Le pari de Sharon

Il y a trois mois de cela, le chef de file des travaillistes israéliens et actuel ministre de la Défense, Benjamin Ben-Eliezer, avait confié être prêt à employer tous les moyens dont il dispose pour déclencher des élections anticipées.

Voilà qu'aujourd'hui, c'est au tour de son principal adversaire et premier ministre en titre, soit évidemment Ariel Sharon, de brandir la menace des élections.

Tout est lié, tout découle de la bataille acharnée que se livrent les chefs de parti autour du budget de l'État. Tel que proposé par l'actuel ministre des Finances qui, lui, avait indiqué qu'il tirerait sa révérence si le gouvernement n'adhérait pas à son point de vue économe, le budget 2003 doit être celui de l'austérité. De la discipline fiscale. Il se trouve qu'entre l'augmentation marquée des dépenses militaires pour cause d'intifada et l'éclatement de la bulle technologique, Israël est aux prises avec la pire récession depuis cinquante ans.

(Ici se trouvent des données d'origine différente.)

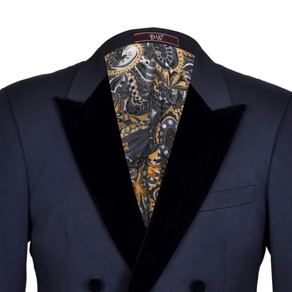 Elevate your evening attire with the Alfredo Cropped Double Breasted Velvet Peak Lapel Tuxedo, a masterful blend of contemporary tailoring and classic sophistication.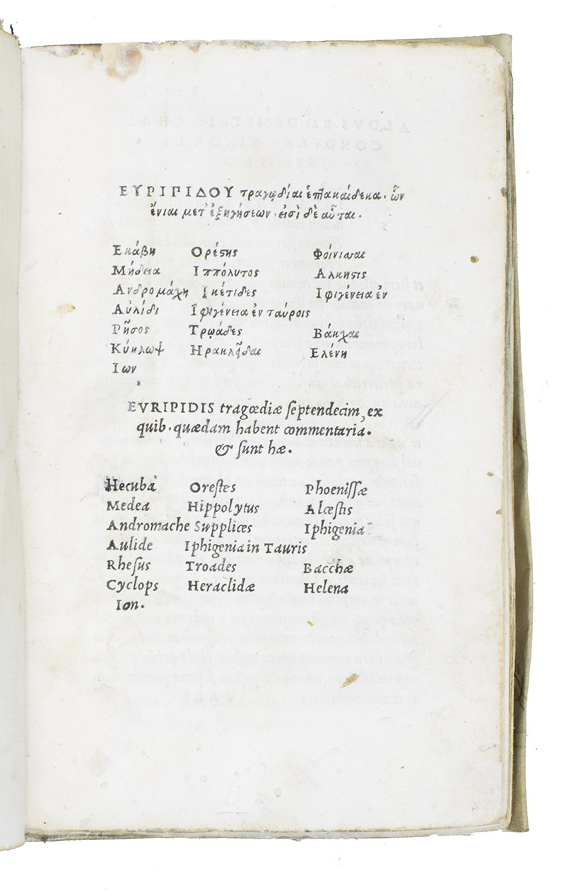 [Title in Greek then Latin:] Tragoediae septendecim [recté octodecim], ex quib[us]. quaedam habent commentaria. & sunt hae. Hecuba[,] Orestes[,] Phoenissae[,] Medea[,] Hippolytus[,] Alcestis[,] Andromache[,] Supplices[,] Iphigenia in Aulide[,] Iphigenia in Tauris[,] Rhesus[,] Troades[,] Bacchae[,] Cyclops[,] Heraclide[,] Helena[,] Ion[, Hercules furens].

Conséquemment, le ministre des Finances, dans l'espoir de remettre les finances publiques sur la voie de l'équilibre, a commandé une réduction prononcée des dépenses de l'ordre de deux milliards. De toutes les formations politiques présentes sur l'échiquier politique israélien, celle du Shass est celle qui écoperait le plus. Plus exactement, c'est la base électorale de ce parti qui ferait les frais des coupures envisagées. Le gouvernement entend réduire en effet les allocations accordées aux orthodoxes, aux religieux. Ces derniers ne travaillant pas, le soutien financier de l'État s'avère leur principale source de revenus. En toute logique électoraliste, ils entendent voter contre ce budget lorsqu'il sera déposé à la Knesset.

Au sein du camp travailliste, ce budget suscite autant de rejet qu'au sein du Shass, mais pour des motifs, on s'en doute, différents. Pour la très grande majorité des élus de la gauche israélienne, ce budget a ceci d'injuste qu'il reflète une politique en laquelle il ne croit plus. De quoi s'agit-il? De l'occupation, et donc des coûts financiers inhérents, des territoires palestiniens. Vedette de l'électorat travailliste, Amram Mitzna a annoncé qu'il se porterait candidat contre l'actuel chef du parti et ministre de la Défense Ben-Eliezer. Il a promis que, s'il est élu, il ordonnerait un retrait des troupes et une amorce des négociations avec les Palestiniens sans exiger aucun préalable.

Pour Ariel Sharon, cette histoire pourrait être tout bénéfice. Si l'on en croit les récents sondages, le Likoud sortirait grand gagnant des élections. Il pourrait doubler son nombre de sièges au Parlement. Et ce, aux dépens des travaillistes et du Shass avec lesquels il a formé une coalition qui a fonctionné, vaille que vaille il est vrai, pendant quatorze mois. Autrement dit, le Likoud sortirait grand vainqueur d'une bataille électorale. Paradoxalement, ces mêmes sondages indiquent que la popularité de Sharon est en forte baisse (- 9 %).

Cela étant, une chose est certaine. Depuis que les religieux disposent d'un poids politique non négligeable, aucun gouvernement n'a évité les élections anticipées. Celui de Sharon ne devrait pas faire exception.